Не повезло лишь химически чистым неправедным деньгам. Тем, которые заравнивали свой ущерб в банке. Банк лопнул. И долг я не смогла вернуть (даритель, впрочем, и не числил за мной долга).
Сумма, надо сказать, была не меньше той, что отнял у меня Гайдар. И к новому ограблению, как оказалось, причастен тоже он. Бойкий соучредитель лопнувшего банка (банкир Голубойко — назвала его одна газета) пустил наши деньги на политическую поддержку гайдаровской (и своей) партии. Я ахнула: так вот куда заложила судьба эту бомбу тройного проклятия.

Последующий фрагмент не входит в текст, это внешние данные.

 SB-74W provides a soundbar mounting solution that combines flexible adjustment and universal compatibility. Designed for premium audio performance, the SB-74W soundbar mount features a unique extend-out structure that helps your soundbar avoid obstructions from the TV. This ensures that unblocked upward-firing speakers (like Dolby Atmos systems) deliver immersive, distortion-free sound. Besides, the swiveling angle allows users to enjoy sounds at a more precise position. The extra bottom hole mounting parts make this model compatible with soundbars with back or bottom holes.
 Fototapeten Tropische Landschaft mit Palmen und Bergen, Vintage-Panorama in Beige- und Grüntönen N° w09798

Ведь мы не видим всей картины, и лишь за поворотом времени нам приоткрывается высший смысл событий; был, наверное, какой-нибудь пассажир, опоздавший на единственный рейс «Титаника», оплакивал свои потерянные деньги.

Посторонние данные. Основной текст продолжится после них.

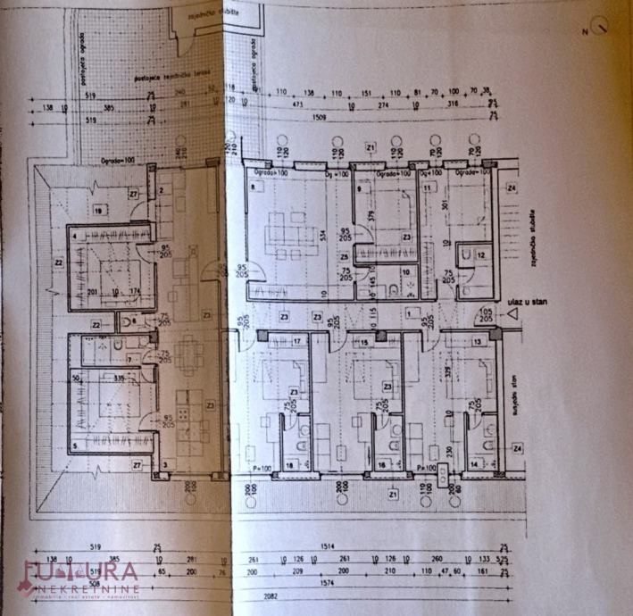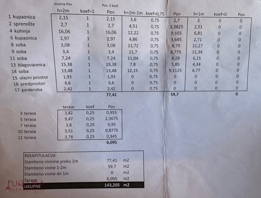 Sastoji se od: pet spavaćih soba, dnevnog boravka, kuhinje + blagovaona, garderobe, dvije kupaonice i pet terasa.
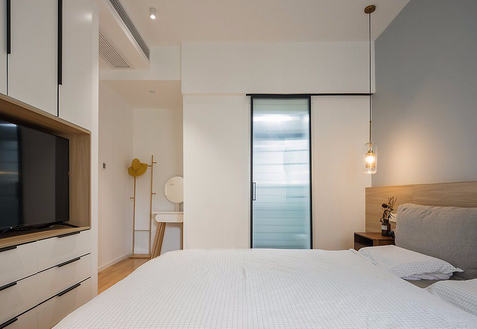 白色衣柜搭配黑色拉手,中间留空嵌入电视,既满足了实际的使用需求,也更有效地利用了空间。
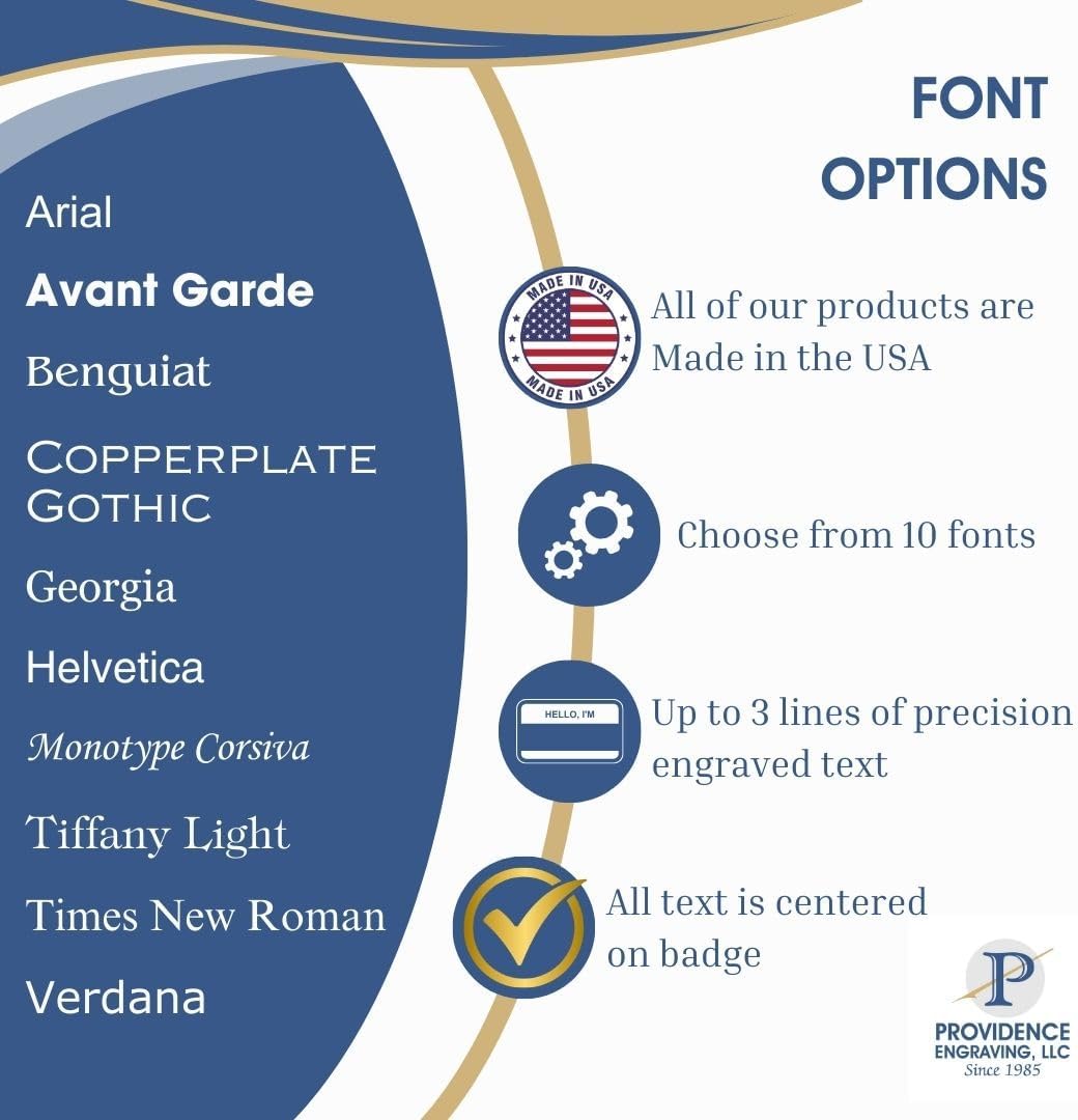 - Each personalized name tag is manufactured in the United States using high-quality, acrylic-based plastic and carefully engraved using a precision CO2 laser
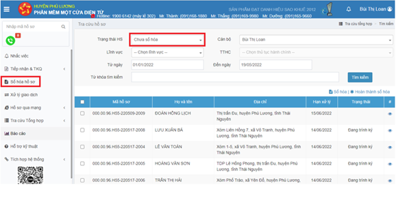 Bước 1: Đăng nhập vào phần mềm một cửa điện tử chọn mục“Số hóa hồ sơ” hệ thống hiện thị danh sách hồ sơ chưa được số hóa.
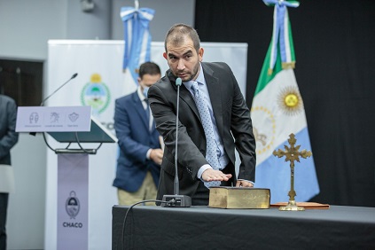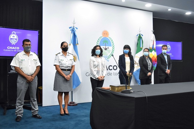 Locales | En el Salón Obligado Analía Rach Quiroga tomó juramento a Gilda Erika Maidana, primera mujer directora de esta fuerza de seguridad, y al subdirector Gerardo Fabián Sotelo.

Нашего ли ума дело хлопотать о справедливости, если огненными письменами начертано: «Мне отмщение, и Аз воздам».
Меня теперь другое беспокоит: получается, я со своим банковским вкладом — террористка, вроде Веры Засулич, только механизм мщения — нечасовой.
Значит, и на мне будет та кровь?..
Ангела в поисках фермента
Я остановила «крайслер» у дорожного базара под Мичуринском, и мы вышли размять ноги. Стоял август, яблоки, груши и помидоры продавались вдоль дороги ведрами.

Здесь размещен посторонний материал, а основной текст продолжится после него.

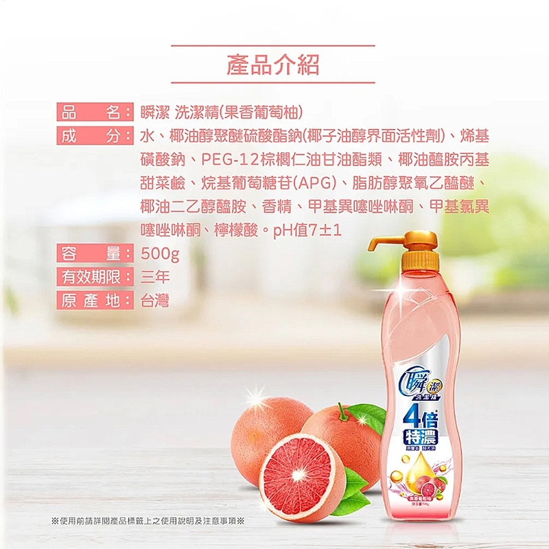 【妙管家】瞬潔洗潔精(果香葡萄柚/植淨綠茶) 500g 洗碗精 廚房清潔 洗碗盤果香葡萄柚|植淨綠茶Cleaning AgentsHomey家居衣著
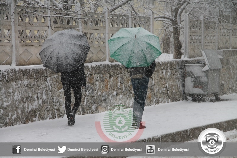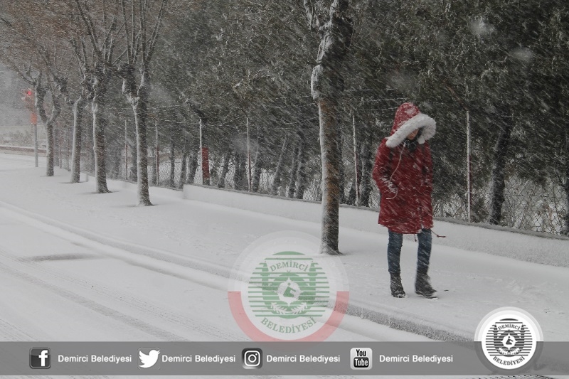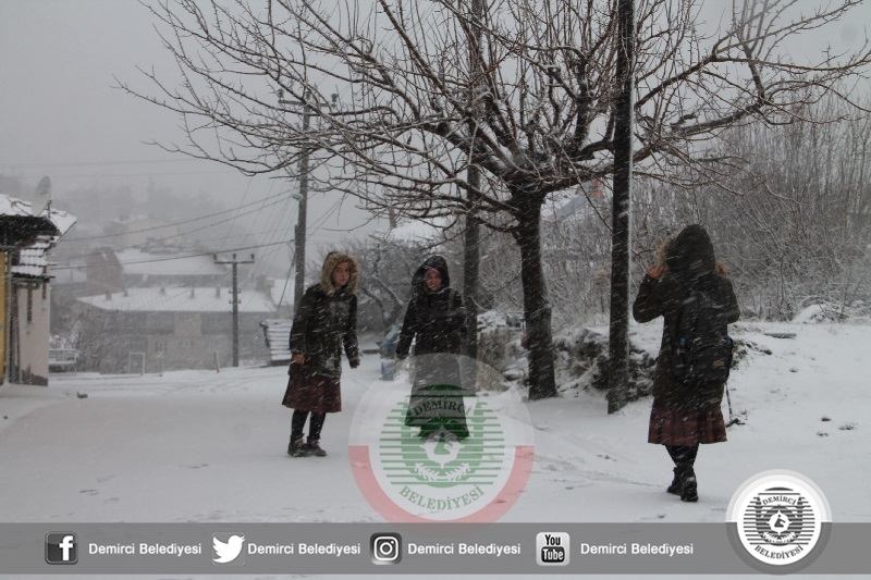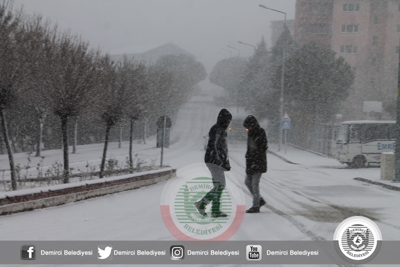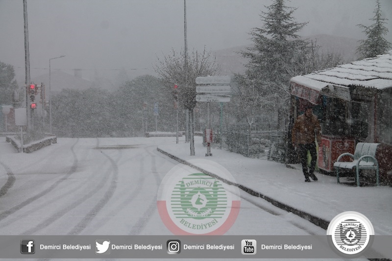 15 Ocak Salı günü Demirci ilçe merkezinde de öğle saatlerinde kar yağışı, fırtına ile tipiye dönüştü.
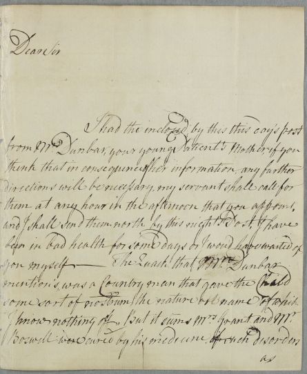 | Summary | Letter from Alexander Campbell. Covering letter for an enclosed letter from Sophia Dunbar which follows as letter 812. |
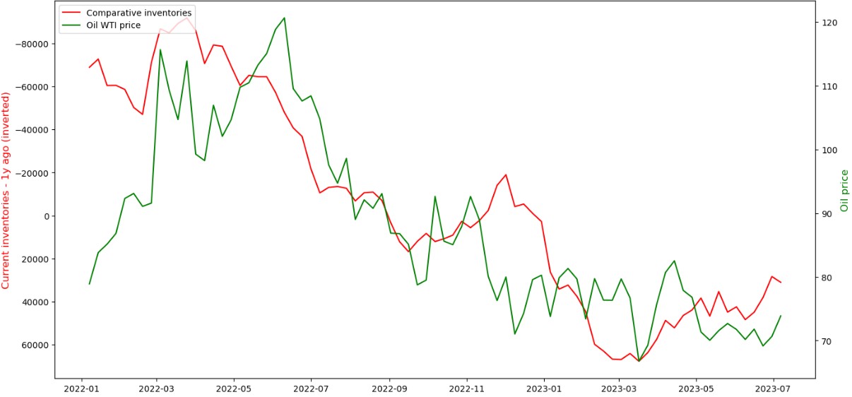 Spory wzrost zapasów, niespodziewany, ale jednocześnie niewiele zwiększa to zapasy komparatywne (poniższy wykres). Ropa kontynuuje wzrosty i WTI testuje niemal 76 USD za baryłkę.
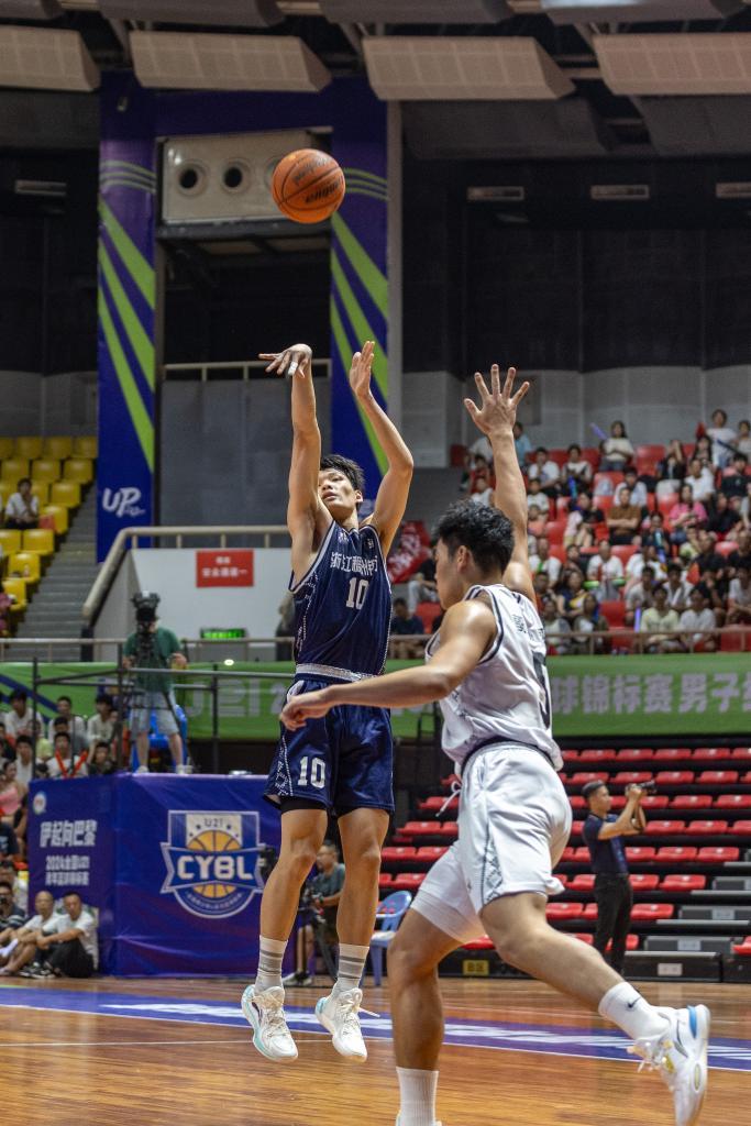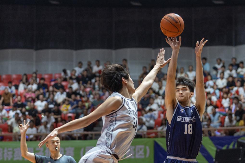 8月18日,浙江稠州銀行隊球員景天雨(右)在比賽中投籃。新華社記者 黃偉 攝
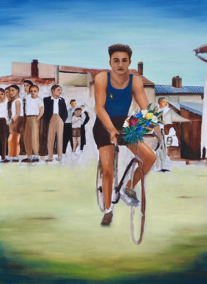 Dans le même registre que celui reproduisant le cycliste vainqueur d’une course locale (que l’on peut admirer plus bas sur cette même page), cette peinture rappelle sans équivoque que Anne a l’art de faire renaître sur la toile des scènes sans aucun doute plus rares aujourd’hui… des souvenirs parfois lointains.
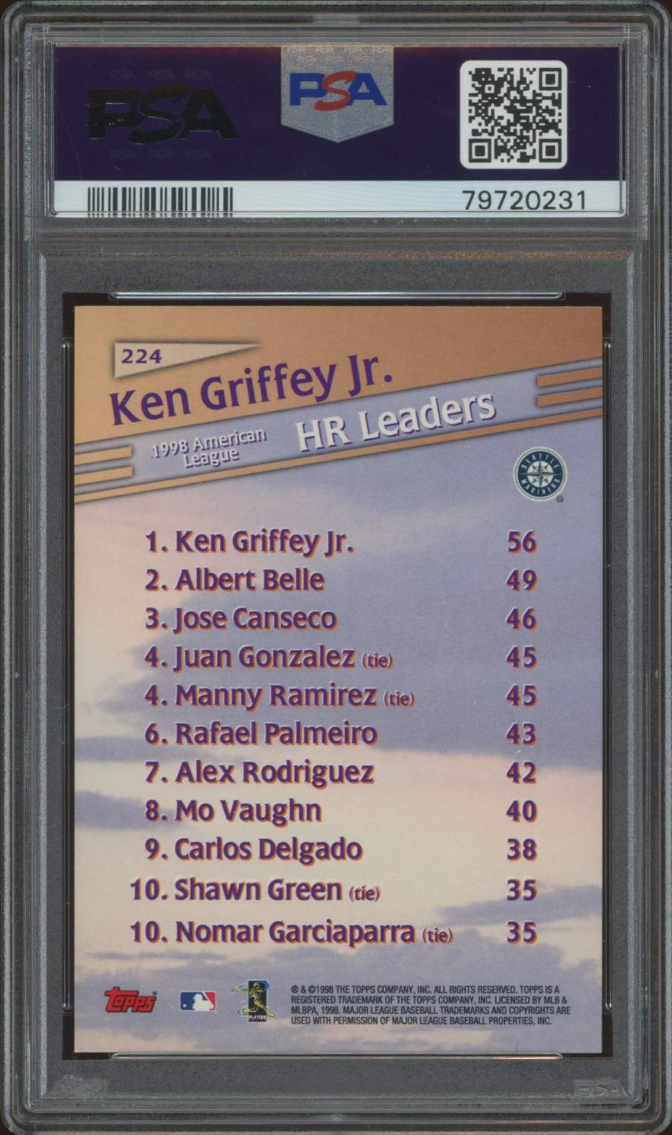 Overall, I’d definitely recommend the 1999 Topps Ken Griffey Jr. League Leaders #224 (PSA 9) to fellow collectors. Whether you’re a dedicated Griffey fan, a vintage card enthusiast, or simply looking to add a valuable piece to your collection, this card delivers quality and visual appeal. It’s an authentic, well-preserved collectible that’s sure to bring enjoyment and value over time.

Саша объяснял Ангеле, что здесь край невиданных почв и что на всемирной выставке в Париже в начале века воображение европейцев поражал стеклянный метровый куб чернозема, цельновырезанный из здешней земли.
Зной вибрировал над бетоном, натянувшись до звона.
Мужики у горки арбузов завороженно глядели на темно-зеленый «крайслер», больше похожий на марсианскую летающую тарелку.
— Таня! Переведи, как будет чернозем? — нетерпеливо окликнул Саша.
— Муттерэрде, — я подошла и перевела Ангеле насчет стеклянного куба и что теперь настоящий русский чернозем остался разве что в Париже в том самом кубе.
Вернулась к машине. Мужики у арбузов спросили:
— А что это из нее капает?
— Это конденсат, она с кондиционером.
— Сколько же она стоит?
Я пожала плечами:
— Не знаю, не моя.
— А чья, иностранки?
— Нет, того господина, который с ней разговаривает. А я — так, шофер, переводчик… телохранитель.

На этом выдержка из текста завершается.